Leishmaniasis are diseases caused by trypanosomatid protozoan parasites from the genus Leishmania, transmitted by insects from the genus Phlebotomus (World Health Organization, 2021). Clinical manifestations go from cutaneous lesions, with potential dissemination to mucoses, until complicated visceral forms which could produce death if untreated (Lamotte et al., 2019). The illness harshness depends on the Leishmania species, among other factors (Hussain et al., 2014). Leishmania donovani and L. infantum are responsible for visceral leishmaniasis, a systemic infection involving the liver, spleen and bone marrow, as well as chronic wasting, anemia and hepatosplenomegaly. Visceral leishmaniasis (or kala-azar) exhibits a high mortality without treatment. Mucocutaneous and cutaneous leishmaniasis imply skin and mucosal damages of different severity (Field et al., 2017).

Leishmaniasis is present in around 98 countries, with 700,000–1 million new cases in a year (World Health Organization, 2021). Transmition occurs by the insect saliva and invation of host monocytes and macrophages. Parasite replication occurs in parasitophorous vacuoles. The infective insect stage is metacyclic promastigote, inoculated in the human blood. Promastigotes invade diverse cells, mainly macrophages, in which they transform to replicating amastigotes. Insect takes promastigotes in a blood meal from an infected person, and parasite replicates and differentiates in the invertebrate to metacyclic promastigotes (Field et al., 2017).
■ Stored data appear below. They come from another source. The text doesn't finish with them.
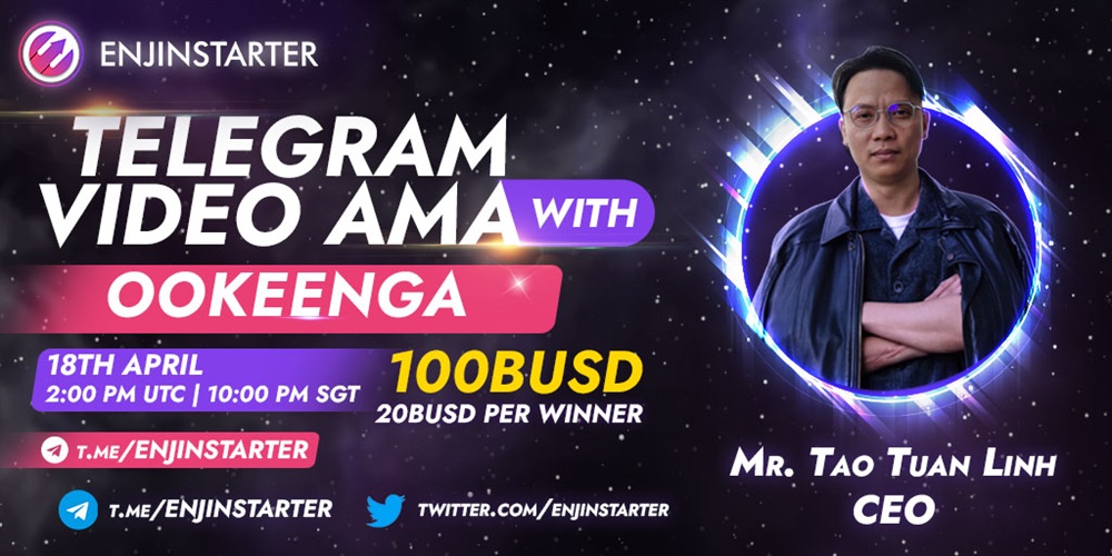 TODAY on #Enjinstarter Telegram Video AMA: Tune in as @ookeenga CEO - Tao Tuan Linh deep dive into how these NFTs will help you start your journey into Ookeenga! 🐜🐞🦗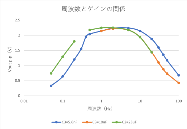 大体、最高点で U2A の出力電圧が 2.2Vp-p 程度になっています。電圧増幅率(ゲイン)は 2.2Vp-p/0.10Vp-p = 22 です。これは R3/R2 = 1Meg/47k ≒ 21.3 とほぼ等しく、計算通りの増幅率になっていることが分かります。そして、3 つの凡例いずれも 2Hz あたりを頂点として、それより低い、あるいは高い周波数の増幅率が落ちています。これは、この回路がバンドパスフィルタであることを示しています。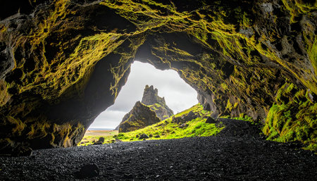 From within a dark, moss-covered cave, a striking rock formation stands tall in a bright, green valley.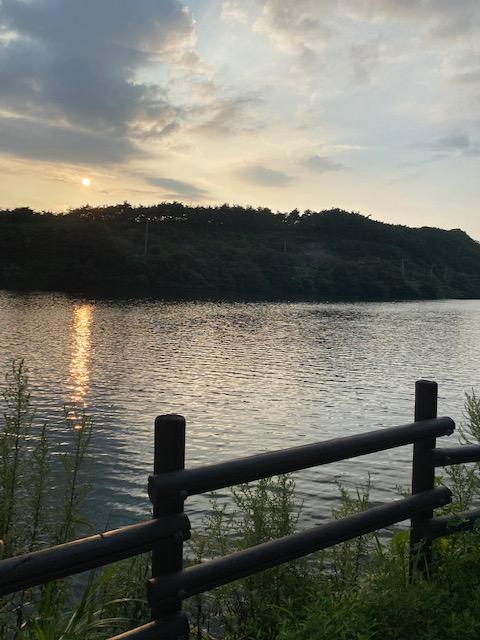 물과 산에 걸린 지는 해를 보자니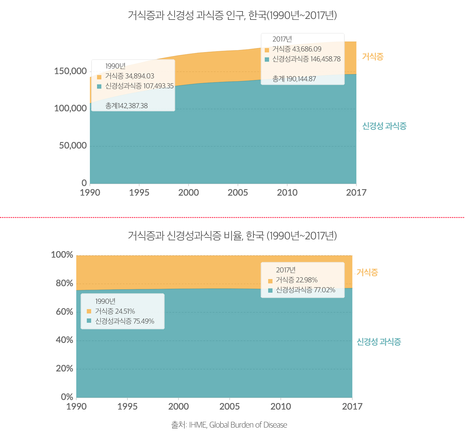 한국의 거식증 인구는 1990년 3만4천 명에서 2017년 4만3천 명으로 25% 증가했으며, 신경성 과식증 인구는 10만7천 명에서 14만4천 명으로 36% 증가했다. 한국의 거식증과 신경성 과식증 인구 비율은 22.98%와 77.02%로 세계적 상황과 마찬가지로 후자의 비율이 전자의 3배를 넘는다.

In the absence of efficient strategies to control reservoirs and vectors, as well as preventive and therapeutic human vaccines, the current intervention strategy to limit the disease is chemotherapy, mainly with pentavalent antimonial compounds, amphotericin B, paromomycin, pentamidine and miltefosine (Bhat et al., 2018; Lamotte et al., 2019; Olías-Molero et al., 2021). Therapies for leishmaniasis are mainly based on repurposing drugs, including antifungal (amphotericin B), anticancer (miltefosine) and antibiotical (paromomycin) drugs (Shakya et al., 2011; Charlton et al., 2018). However, current treatments are limited and inconvenient, including a high cost for low and middle-income countries, a restrictive administration mode (Welay et al., 2017), toxicity (Sundar and Chakravarty, 2010), treatment failed and drug resistance (Ponte-Sucre et al., 2017). This alarming situation and the low amount of available new therapeutic molecules, determine the urgent necessity to search new pharmacological compounds/targets to control this disease (Mohapatra, 2014).

Taking into account the structural and functional diversity of the antileishmanial compounds, in this work we discuss the potentialities of several natural or synthetic compounds as new drugs, validated or in process. The selection of compounds presented here is based on their in vitro and in vivo activity, as well as on their known mechanism of action. The discussion is restricted to preclinical level, and the compounds are presented organized by their chemical nature, source and molecular targets. To review the molecular targets of antileishmanial compounds, see the work of Istanbullu and Bayraktar (2022). On the other hand, a detailed analysis of the current bottlenecks and their solutions in drug discovery and development in leishmaniasis, is presented in the review of Olías-Molero et al. (2021).